Hallucinations are also of significant concern when students use generative AI platforms for academic use. The possibility for students to receive inaccurate information can run directly counter to schools’ goal of imparting reliable, quality information to students. Students who do not understand these tools’ potential for hallucinations may use the tools in ineffective ways and miss beneficial uses. Without understanding generative AI’s shortcomings and limitations, students may not be able to effectively leverage its potential as a tool to supplement their learning and critical thinking skills.
How Should Schools Approach the Issue of Hallucination?
To combat the potential devastating consequences of generative AI hallucinations in both the personal and academic contexts, schools must:
- Understand the limitations of generative AI and ensure that teachers are adequately trained: Though the potential benefits of these tools to enhance learning can be exciting, it is imperative for school officials to be thoroughly steeped in the technology’s shortcomings and impart that knowledge on educators. Teachers play a critical role in ensuring that generative AI is used in responsible, appropriate ways in the classroom. But to do so, they need access to resources and training.

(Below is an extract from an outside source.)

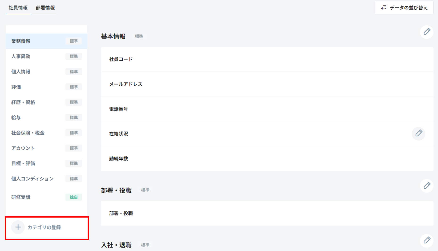 2. 社員情報の下部、「カテゴリの登録」をクリックします。

- Continue to invest in counselors and other mental health supports: Schools should be wary of pushing students towards using generative AI as a resource on a topic as sensitive as their mental health. Ongoing mental health issues require human empathy and expertise, so schools should not be acquiring generative AI tools to replace or even to triage care that would otherwise be provided by a human. If schools are going to procure a tool to supplement the counselors and mental health supports already in place, they should reference our guidance on responsible procurement principles, since even as a supplemental tool, generative AI systems can cause harm if not tested and governed appropriately.

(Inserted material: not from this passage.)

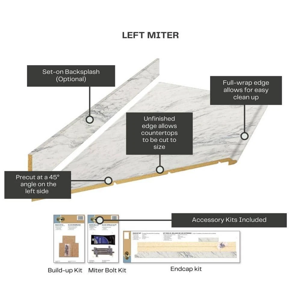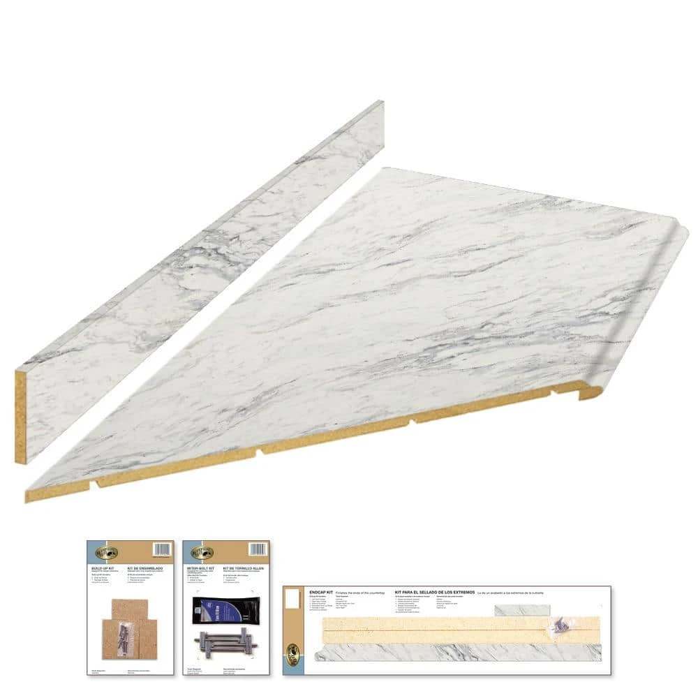 - Kit includes one 8 ft. laminate countertop in Calcutta Marble with left miter and Valencia edge, one 3 in. loose backsplash, 1 endcap kit, 1 build-up kit and 1 miter bolt kit

- Provide education for students on what generative AI is, how it works, and why hallucinations occur: To combat the unchecked public hype around generative AI, schools should equip students with basic knowledge of the technology, its capabilities and limitations, and how it can go wrong in both academic and personal uses.
- Provide education for students on media literacy and research skills: The release of ChatGPT last November underscored the need for students to understand how to be responsible, effective consumers of knowledge via new technological tools. Student use of generative AI is increasingly inevitable in the same way as their use of the internet, so it is vital that schools provide students training and resources on how to assess the accuracy and reliability of information gleaned through ChatGPT and other generative AI platforms.
- Ensure that teachers and students understand when generative AI is appropriate to use: Generative AI is not meant to replace traditional teaching and learning by any means – it is not a replacement for knowledge and not an effective therapist or sounding board for personal issues. However, it can be used, for example, as an assistive tool to help improve writing or used as a novel tool for research when beginning to explore a new topic. Schools should provide guidance and training to both teachers and students on how to make effective use of generative AI.